Friday, June 13, 2003

Volokh Conspirator Orin Kerr points out Eric Muller's remarks on an interesting jury selection issue. Apparently, "a judge in Pennsylvania is delaying a murder trial until the district's jury selection procedures are changed to produce a jury pool that is ten percent black." According to Muller,
[L]egally speaking, there's really nothing to be outraged about here. It has been settled law for decades that the Sixth Amendment requires a jury pool or "venire" to reflect a fair cross-section of the community. A jury venire is not a fair cross-section if the selection system is calibrated to underrepresent a "distinctive group" in the community. Racial groups are, under the Sixth Amendment, "distinctive." The district where this murder trial is to occur is twelve percent black, but the venire is never more than five percent black. So this ruling strikes me as an elementary application of well settled law.

....

To the extent that people are talking about this story, it is because some people seem to be upset that this area of Sixth Amendment law appears to run counter to the "colorblindness" theory that is all the rage in some constitutional quarters. And, in an important sense, it does do that: this area of the law works from the assumption that race is not completely irrelevant to people's life experiences, perspectives, and perceptions.

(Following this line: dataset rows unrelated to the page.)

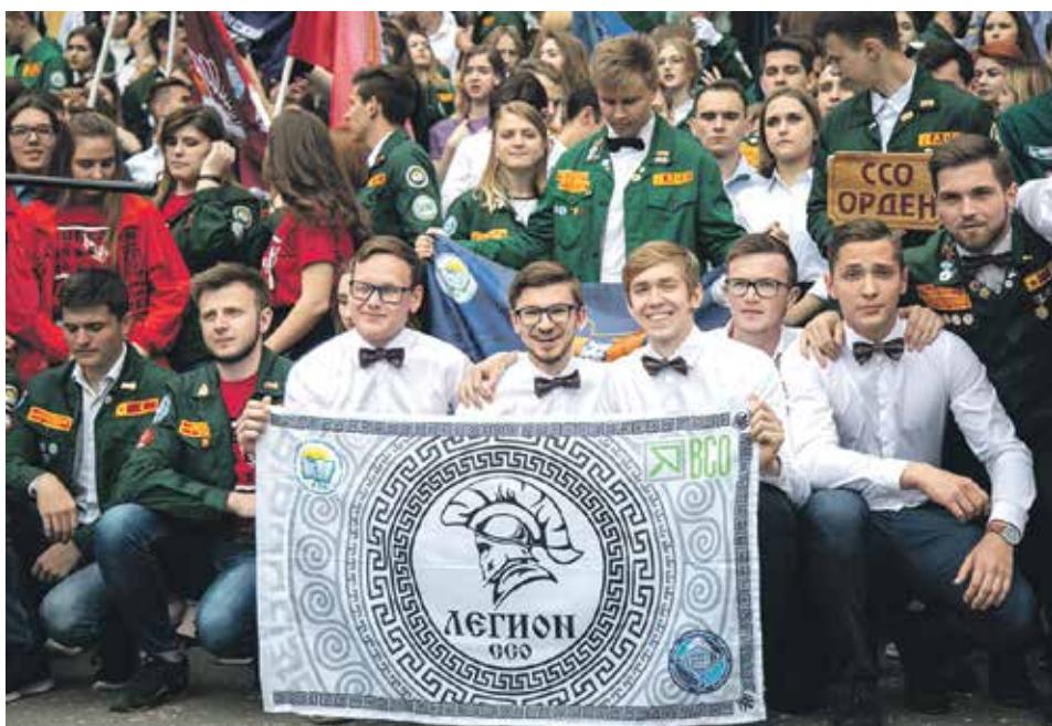
Участие в работе студотряда – это школа жизни, верьте в свои силы и все получится!

Жива и старая добрая традиция – вручение знамени стройки. Очередной
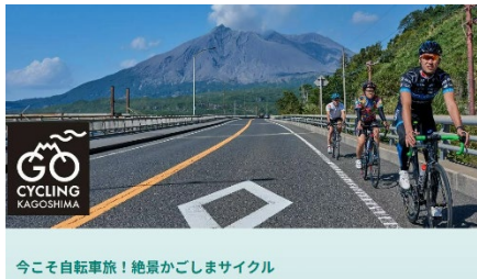
今こそ自転車旅! 絶景かごしまサイクル
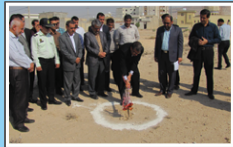
«کلنگ‌زنی مدرسه عظیمی در شهرک فرهنگیان»
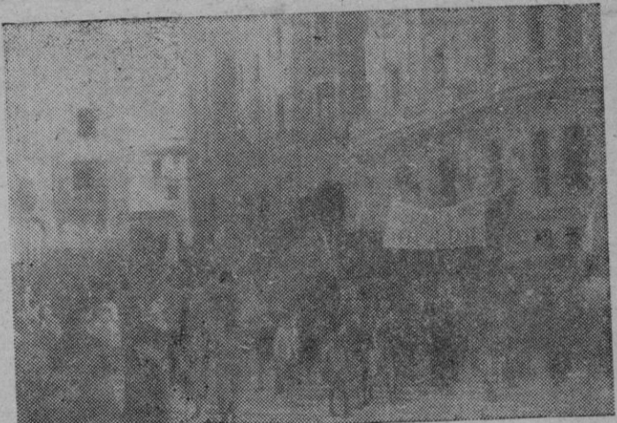
La manifestación estudiantil de ayer al pasar ante el Gobierno Civil

El Ayuntamiento de nuestra ciudad acordó conceder al CAUDILLO la Medalla de Oro, especial y única, de la Ciudad
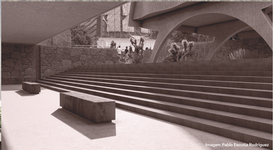
Imagen: Pablo Escutia Rodríguez
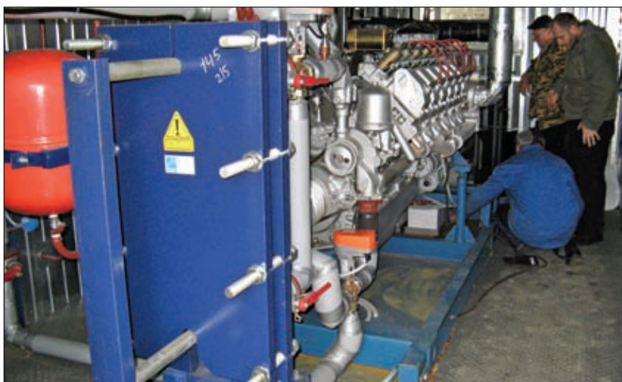
Электрогенератор установки мини-ТЭС ЗАО «Биоэнергетик» электрической мощностью 315 кВт/час. Установки для переработки ТБО и других отходов методом высокотемпературного пиролиза в течение 9 лет поставляются на рынки СНГ
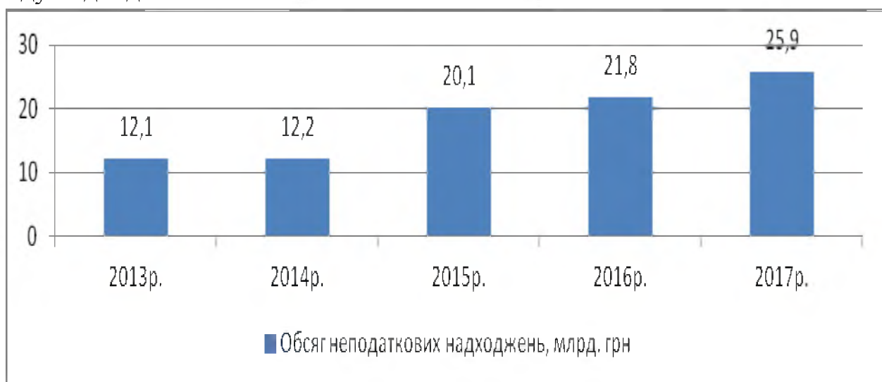
Рис 1. Обсяг неподаткових надходжень місцевих бюджетів України за 2013-2017 рр., млрд. грн.*

Проаналізуємо яке місце у системі доходів місцевих бюджетів посідають неподаткові надходження. Для цього розглянемо статистичні дані за останні 5 років. Це дасть змогу об'єктивно оцінити роль даного виду надходжень і виявити наявні можливості їх збільшення.
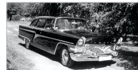
A Csajka volt az igazi „nagy, fekete autó”

A csúcskategóriát, a luxust, a fényt, a csillogást régen a Csajka, később a Zil képviselte. Ez a típus teszteltette meg azt a luxust, amit Amerikában a Lincoln teremtett meg limuzinjával. A nagy, nyolchengeres motorral szerelt Zileket a Szovjetunió magas rangú vezetőinek tartották fenn. Éppen ezért évente csu-

So it's worth taking a moment to think: if you're bothered by what this Pennsylvania judge is doing, is it because you think that the assumption underlying this area of law is actually false? Or for some other reason?
Well, if race is "not irrelevant" when creating a pool of jurors, then surely political and legal views are not irrelevant, either. Would it therefore be legitimate for the judge to observe that, say, popular support for legalizing drugs runs at x percent in the polls, and consequently to require every jury pool to contain at least x-2 percent proponents of drug legalization?

The problem with this kind of thinking is not that these human categories are "irrelevant", and therefore should be ignored. On the contrary, precisely because they are relevant--like so many other factors--their inevitably selective inclusion in the jury pool creation process cannot but become a powerful device for "jury pool engineering". As we've already seen in the case of jury selection, increasing the number of tools with which a jury can be painstakingly sculpted in the name of "fairness" or "representativeness" only increases the likelihood that those tools will be wielded so as to undermine, rather than enhance, justice.

Perhaps there really is a bias against African Americans in Philadelphia's jury pool selection process. But whatever that bias may be, it's bound to pale in comparison with those introduced by rules that make it much easier for some categories of people than others to avoid jury duty, and that allow both defense counsel and the prosecution to exclude jurors on the flimsiest of pretexts. It's absurdly naive to think that adding yet another gimmick to the mix will somehow shift the system more towards a fair balance, rather than simply pushing it even further askew.